Unnamed: 0,Artist,Title,Release Month,Release Day,Release Year,Genre,Metacritic Critic Score,Metacritic User Score,AOTY Critic Score,AOTY User Score,Popular Songs,SONG DEBUT DATE,SONG PEAK POS.,SONG PEAK DATE,SONG WKS ON CHART,Favorite
0,Lana Del Rey,Born To Die,January,31,2012,Chamber Pop,62.0,8.4,62,74,Summertime Sadness,07.27.13,6,09.21.13,23,User Favorite
1,Lana Del Rey,Ultraviolence,June,17,2014,Art Pop,74.0,8.5,72,77,Love,03.11.17,44,03.11.17,2,User Favorite
2,Lana Del Rey,Honeymoon,September,18,2015,Art Pop,78.0,8.5,75,74,Say Yes To Heaven,06.03.23,54,06.03.23,3,Critic Favorite
3,Lana Del Rey,Lust for Life,July,21,2017,Dream Pop,77.0,8.0,75,72,Prisoner,09.19.15,47,09.19.15,2,Critic Favorite
4,Lana Del Rey,Norman Fucking Rockwell!,August,30,2019,Art Pop,87.0,9.2,86,82,West Coast,05.03.14,17,05.03.14,2,Critic Favorite


## This chart shows which album & genre is most favored by the critics. One limitation is the fact that there are only 3 genres to choose from, and currently we only have data on 5 of her albums as this dataset is relatively older. 

In [30]:
alt.Chart(df).mark_bar().encode(
    x = "Title:O",
    y = "Metacritic Critic Score:Q",
    color= "Genre:O"
).properties(
    width=300,
    height=200
)

## This chart attempts to show the correlation between user reviews and the duration the most popular song on the album charted for. Since Summertime Sadness was a viral hit, it is an outlier. Otherwise, there does not seem to be a strong relationship between the variables.

In [31]:
alt.Chart(lana_df).mark_point(filled=True).encode(
    alt.X('Metacritic User Score'),
    alt.Y('SONG WKS ON CHART'),
    alt.Size('Metacritic Critic Score'),
    alt.Color('Genre'),
    alt.OpacityValue(0.7),
    tooltip = [alt.Tooltip('Title'),
               alt.Tooltip('Popular Songs'),
               alt.Tooltip('SONG DEBUT DATE'),
               alt.Tooltip('SONG PEAK DATE')
              ]
)

## Lastly, this graph shows which album is the most critically acclaimed, both by critics and users. It is interesting to notice that Born to Die is her least critically acclaimed album despite being the most commercially successful as seen above.

In [32]:
Chart(lana_df).mark_point().encode(x='AOTY User Score', y='AOTY Critic Score', tooltip='Title').interactive()

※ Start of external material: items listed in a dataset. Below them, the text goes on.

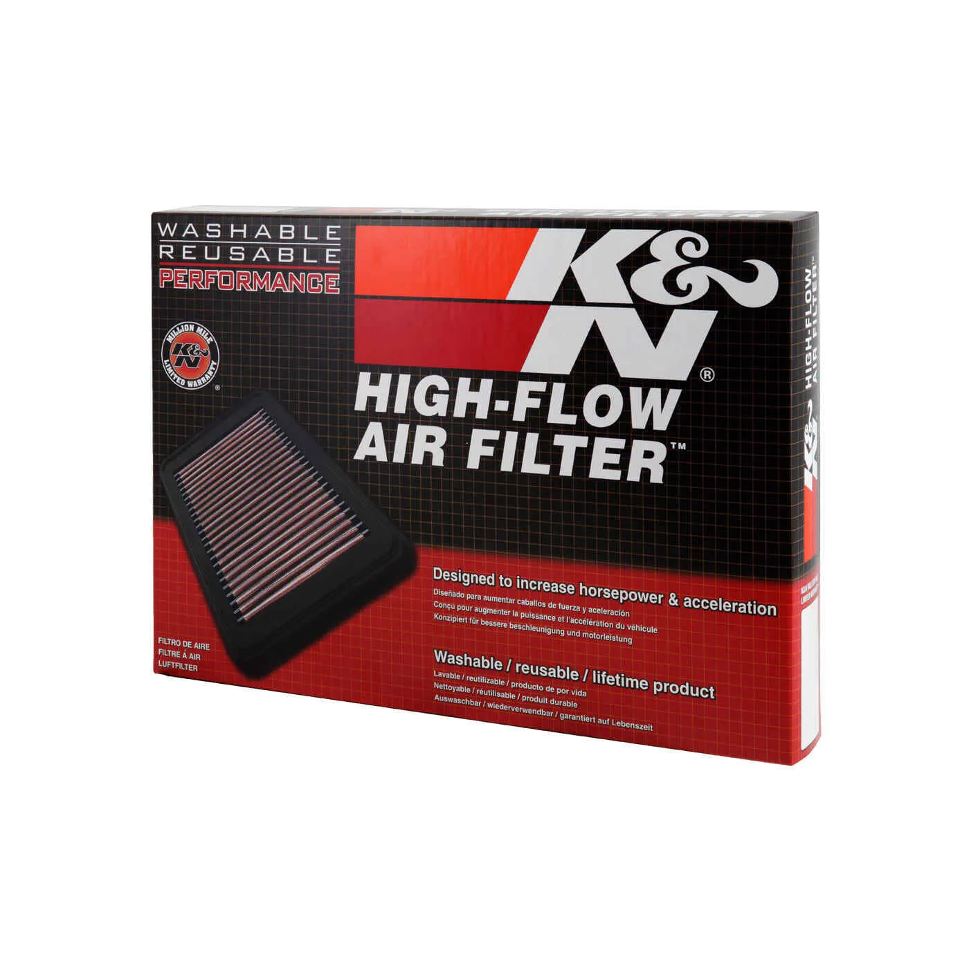 K&N® washable, reusable High-Flow Air Filters™ feature a state-of-the-art design of layered, oiled cotton media engineered to improve airflow and capture contaminants, and are designed to provide an increase in horsepower. Each performance air filter is reusable, engineered to last for the entire lifespan of your vehicle, and backed by K&N’s 10-Year/Million Mile Limited Warranty. K&N drop-in replacement filters are designed to install easily into your factory air box. Upgrade today and start enjoying superior airflow and superior performance from K&N’s most popular product!
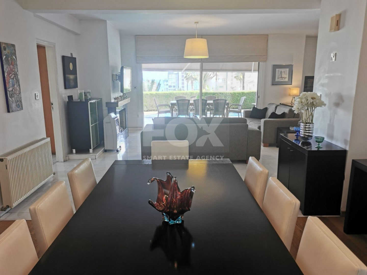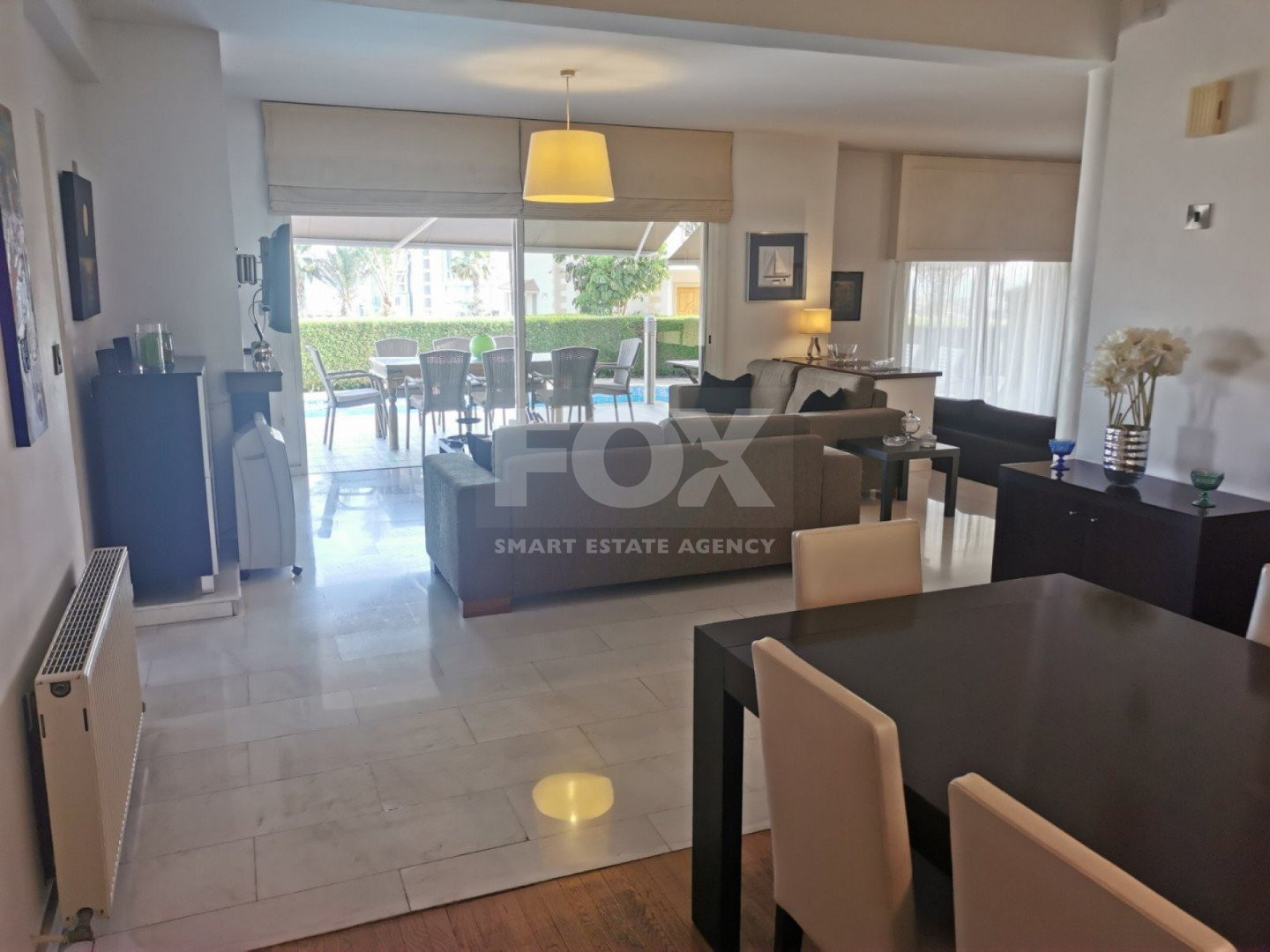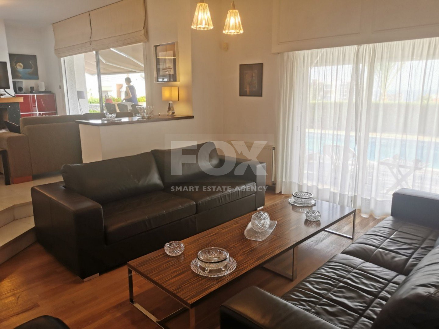 Lovely five bedroom villa in Agios Tychonas with swimming pool and sea view is available now.It has internal covered area 431 square meters and plot size 954 square meters. There is separate kitchen with two living rooms , one sitting room, two dining rooms and a guest w/c. Also there is a fire place, store room and one utility room.There are four bedrooms and one of them has en-suite bathroom, all with fitted wardrobes and a family bathroom on the first floor. Outside of the building there is a nice big garden with trees and flowers, with automatic watering system , large covered parking space for three cars with electric gate and barbecue.There is a maids-room , playing room and kitchenette. The aluminium doors and windows are double glazed with security locks. It has solar water heater with pressure. Also it has security system , alarm system, a/c in all areas diesel central heating and water drilling .The house is located on a hill of Agios Tychonas with view of Limassol and is only five minutes drive from the sea and ten minutes drive from Limassol City.Located in a quiet ,nice area surrounded by nice houses at a dead end road.It has quick access to all needed amenities including supermarkets, parks,schools, restaurants and beach.
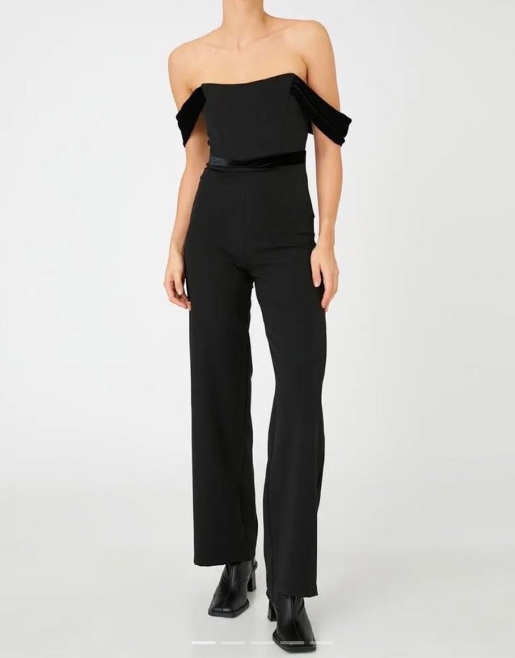 Siyah, kadife detaylı ve straplez yaka detaylı, ince şık bir kumaştan, vücuda oturan kadın tulumu. Romantik akşamlar için uygun. ✨ sıfır etiketli üründür. Giymediğim ve dolabımda bekleyen her şeyi satmaya karar verdiğim için satıyorum daha çok giyecek birine gitsin
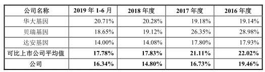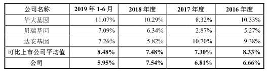 2015年至2019年1-6月,公司綜合毛利率低于可比公司綜合毛利率平均水平。諾禾致源綜合毛利率分別為52.38%、48.00%、42.81%、42.89%和37.52%,同行業(yè)公司毛利率均值分別為51.14%、54.88%、53.74%、51.73%、56.65%。
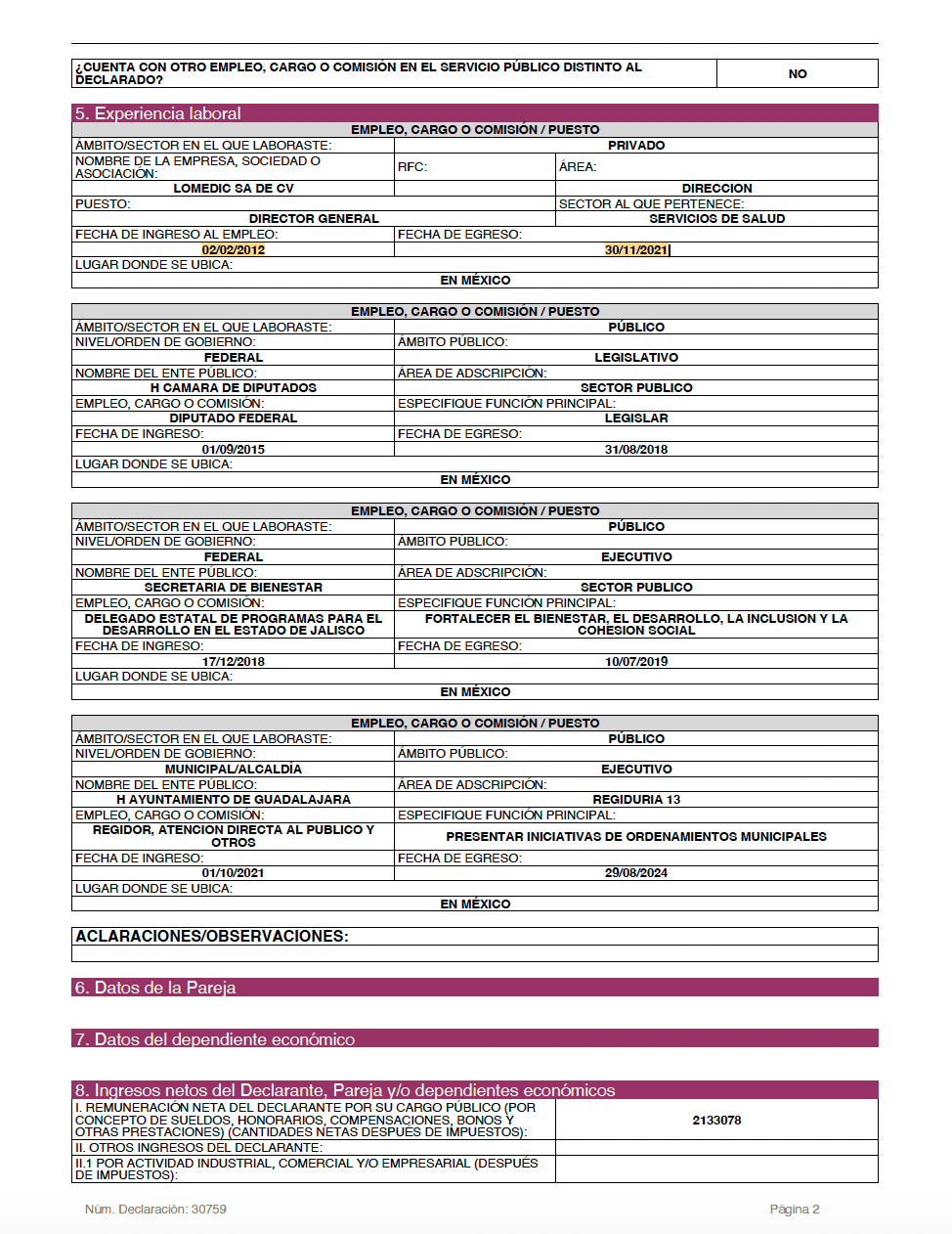 Además, en su propia declaración de situación patrimonial, presentada en mayo de 2025 ante la Cámara de Senadores, Carlos Lomelí Bolaños declaró que mantuvo el puesto de Director General de Lomedic desde el 2 de febrero de 2012 hasta el 30 de noviembre de 2021, lo que contradice nuevamente el argumento por el que el Tribunal de Justicia Administrativa habría librado a Lomedic de una de sus inhabilitaciones.
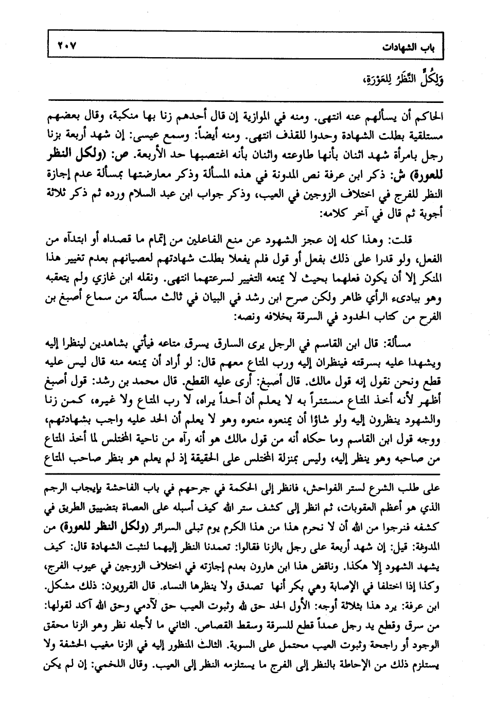 الحاكم أن يسألهم عنه انتهى. ومنه في الموازية إن قال أحدهم: زنا بها منكبة، وقال بعضهم: مستلقية- بطلت الشهادة وحدوا للقذف انتهى. ومنه أيضا وسمع عيسى إن شهد أربعة بزنا رجل بامرأة شهد اثنان بأنها طاوعته واثنان بأنه اغتصبها حد الأربعة. ص: (ولكل النظر للعورة) ش: ذكر ابن عرفة نص المدونة في هذه المسألة وذكر معارضتها بمسألة عدم إجازة النظر للفرج في اختلاف الزوجين في العيب وذكر جواب ابن عبد السلام ورده ثم ذكر ثلاثة أجوبة ثم قال في آخر كلامه:
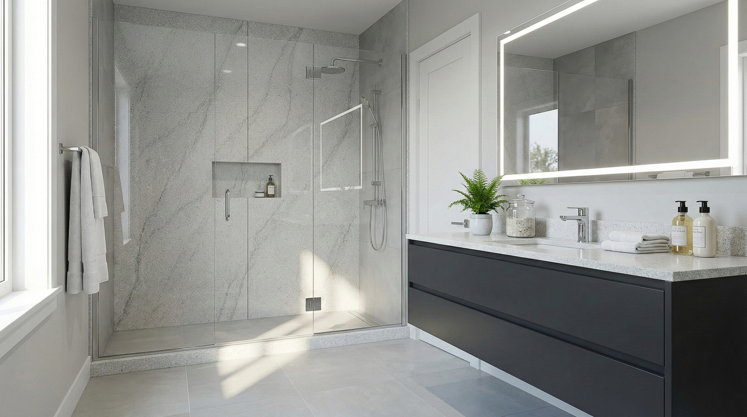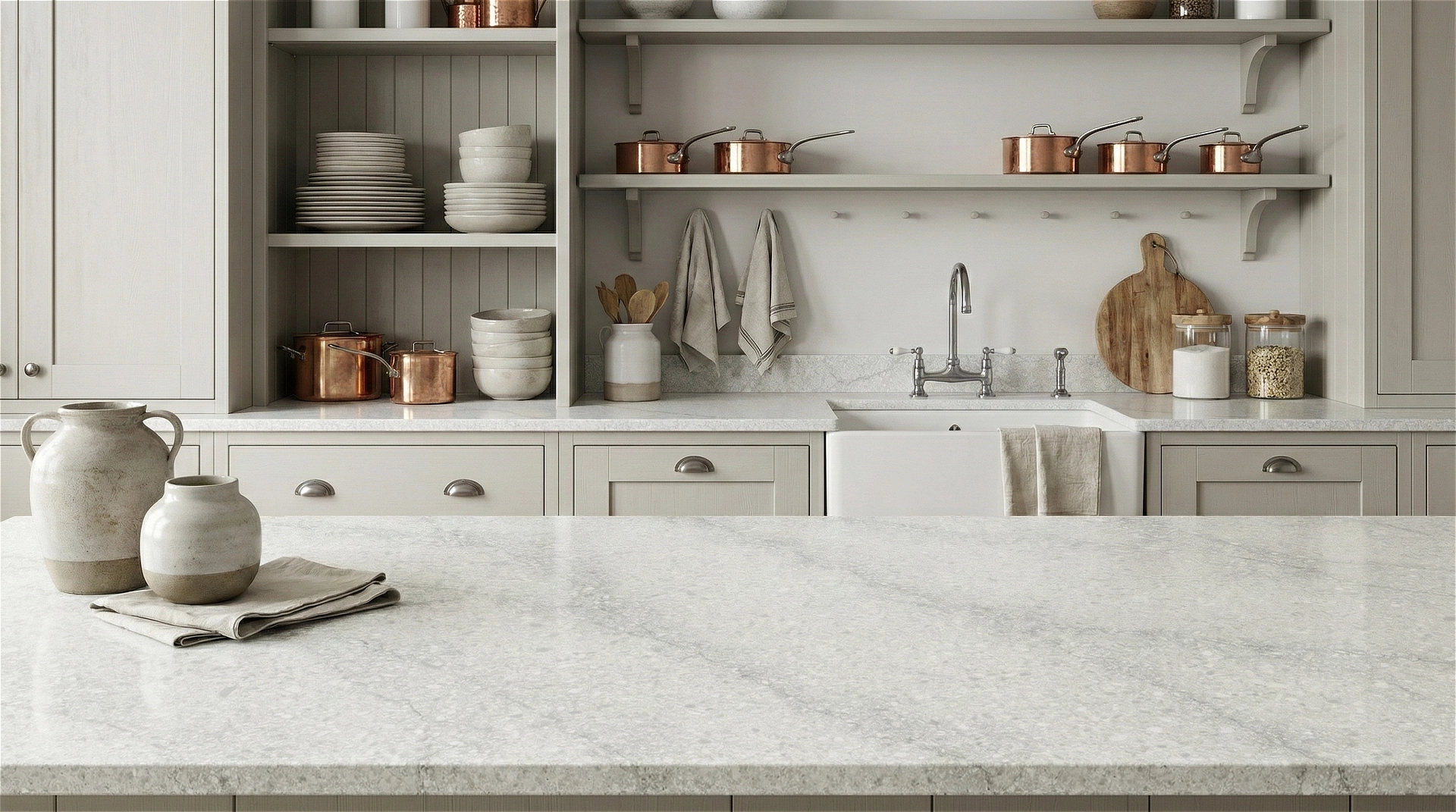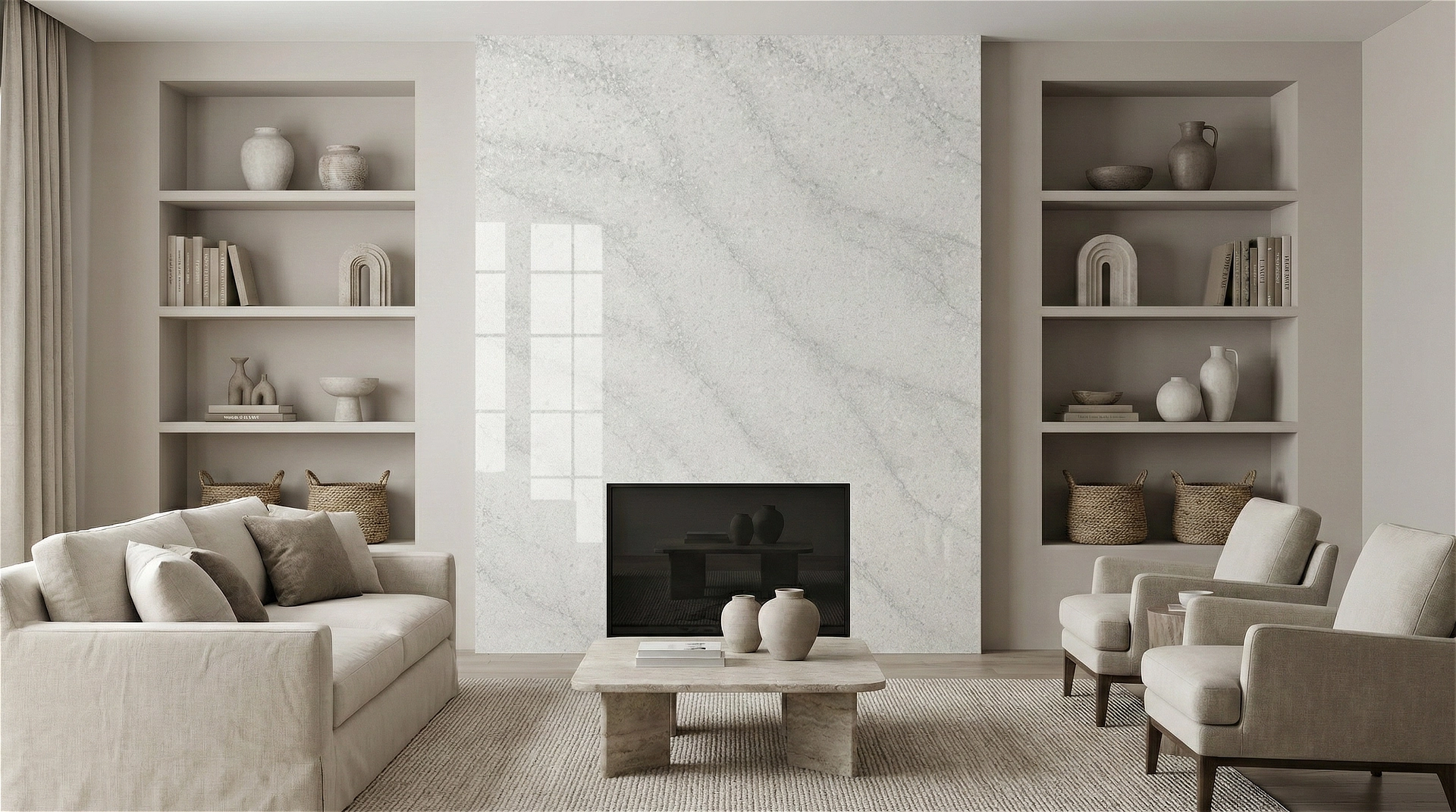 Victoria Marble presents a bright, white base with a unique and dynamic aesthetic. The surface is distinguished by a dense, granular texture composed of fine gray and white particulates, overlaid with sweeping, diagonal waves of soft gray veining. This layered design combines the speckled charm of terrazzo or granite with the fluid movement of traditional marble, creating a look that is both structured and organic. Versatile and engaging, Victoria Marble is an excellent choice for contemporary, transitional, and coastal interiors, offering a lively yet cohesive foundation for countertops, islands, and backsplashes where a blend of durability and visual interest is desired.

## Lana has proceeded to release 3 more albums since the release of this dataset, so I am very interested to see how the reviews and charts of these will fit into my analysis. One cruical thing I want to also explore is the timeline of these releases and whether the arrival of TikTok has exarcerberated any of her ratings or chart standings. Thank you so much!